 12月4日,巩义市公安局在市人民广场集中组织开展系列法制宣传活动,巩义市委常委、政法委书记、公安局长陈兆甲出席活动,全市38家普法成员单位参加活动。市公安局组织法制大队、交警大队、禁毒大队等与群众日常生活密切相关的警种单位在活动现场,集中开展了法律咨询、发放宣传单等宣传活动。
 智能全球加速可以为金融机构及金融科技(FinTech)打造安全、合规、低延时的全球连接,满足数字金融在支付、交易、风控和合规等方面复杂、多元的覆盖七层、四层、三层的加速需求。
----
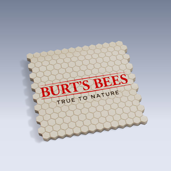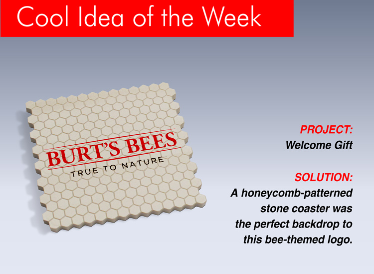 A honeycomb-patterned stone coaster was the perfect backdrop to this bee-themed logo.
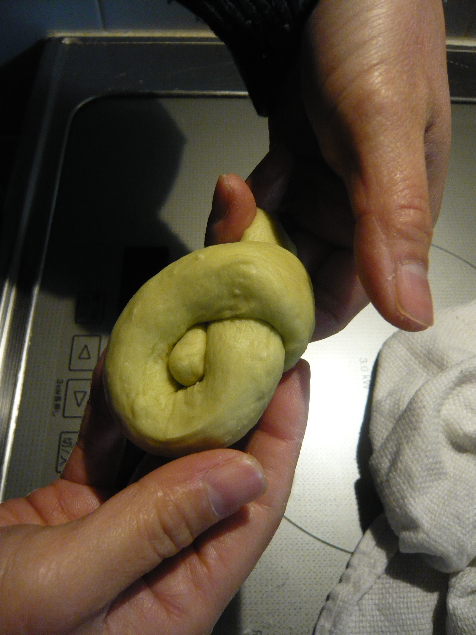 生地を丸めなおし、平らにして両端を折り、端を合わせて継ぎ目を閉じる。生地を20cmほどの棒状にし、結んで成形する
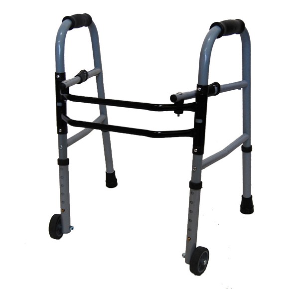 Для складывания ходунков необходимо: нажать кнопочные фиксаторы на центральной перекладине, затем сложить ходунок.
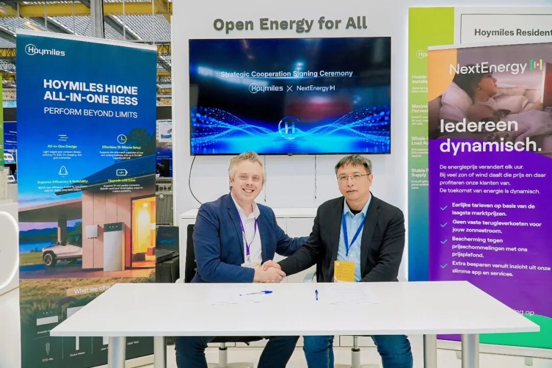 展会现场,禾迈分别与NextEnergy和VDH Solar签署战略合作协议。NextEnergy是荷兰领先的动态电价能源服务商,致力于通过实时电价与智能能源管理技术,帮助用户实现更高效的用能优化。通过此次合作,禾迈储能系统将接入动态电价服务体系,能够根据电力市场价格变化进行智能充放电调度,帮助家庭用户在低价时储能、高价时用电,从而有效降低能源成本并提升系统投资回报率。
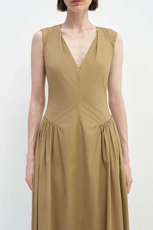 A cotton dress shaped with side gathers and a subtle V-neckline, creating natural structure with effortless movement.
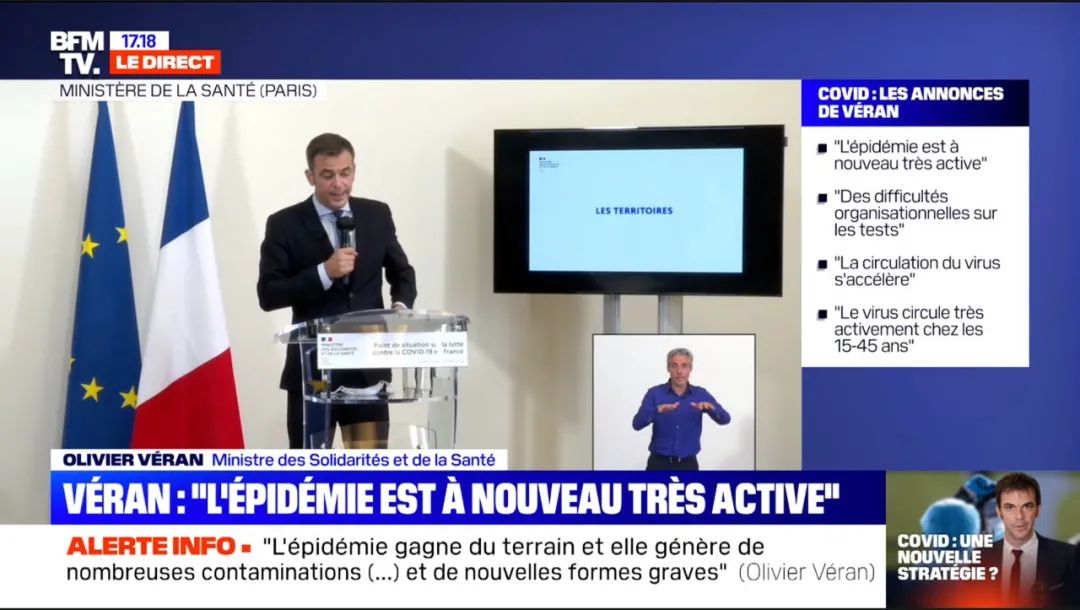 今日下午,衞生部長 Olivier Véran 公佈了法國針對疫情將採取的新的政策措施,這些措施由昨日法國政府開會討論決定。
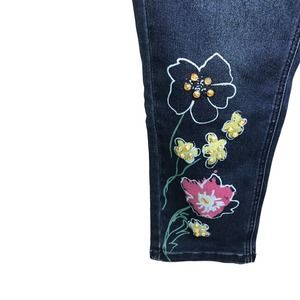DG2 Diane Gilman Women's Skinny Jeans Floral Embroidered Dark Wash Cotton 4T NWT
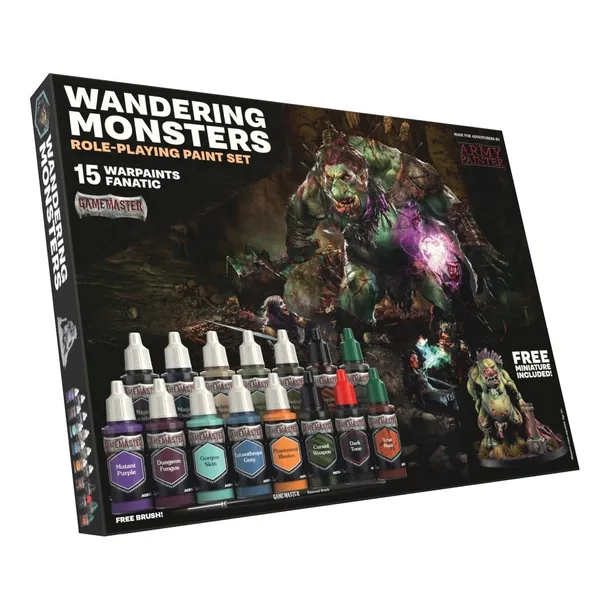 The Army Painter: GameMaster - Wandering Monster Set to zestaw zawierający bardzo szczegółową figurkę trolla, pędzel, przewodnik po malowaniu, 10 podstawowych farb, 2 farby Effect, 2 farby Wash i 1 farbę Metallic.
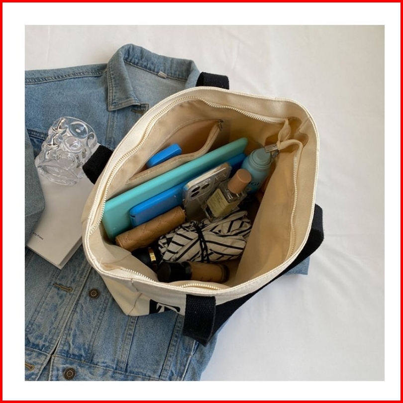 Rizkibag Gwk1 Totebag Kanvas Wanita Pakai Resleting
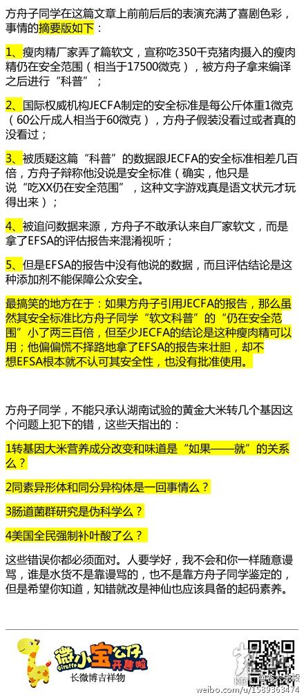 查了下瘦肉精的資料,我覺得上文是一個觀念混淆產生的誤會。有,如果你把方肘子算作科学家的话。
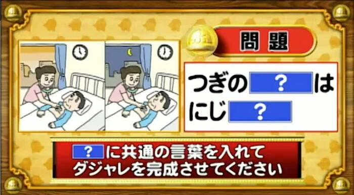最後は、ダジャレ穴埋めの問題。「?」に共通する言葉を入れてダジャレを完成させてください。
----
#### ABOUT THIS EXERCISE
In the data above, find the line containing "查了下瘦肉精的資料,我覺得上" and the line containing "最後は、ダジャレ穴埋めの問題". Copy exactly the stretch from the first through the second, both included, leaving out any picture.

#### ANSWER AREA
 查了下瘦肉精的資料,我覺得上文是一個觀念混淆產生的誤會。有,如果你把方肘子算作科学家的话。
最後は、ダジャレ穴埋めの問題。「?」に共通する言葉を入れてダジャレを完成させてください。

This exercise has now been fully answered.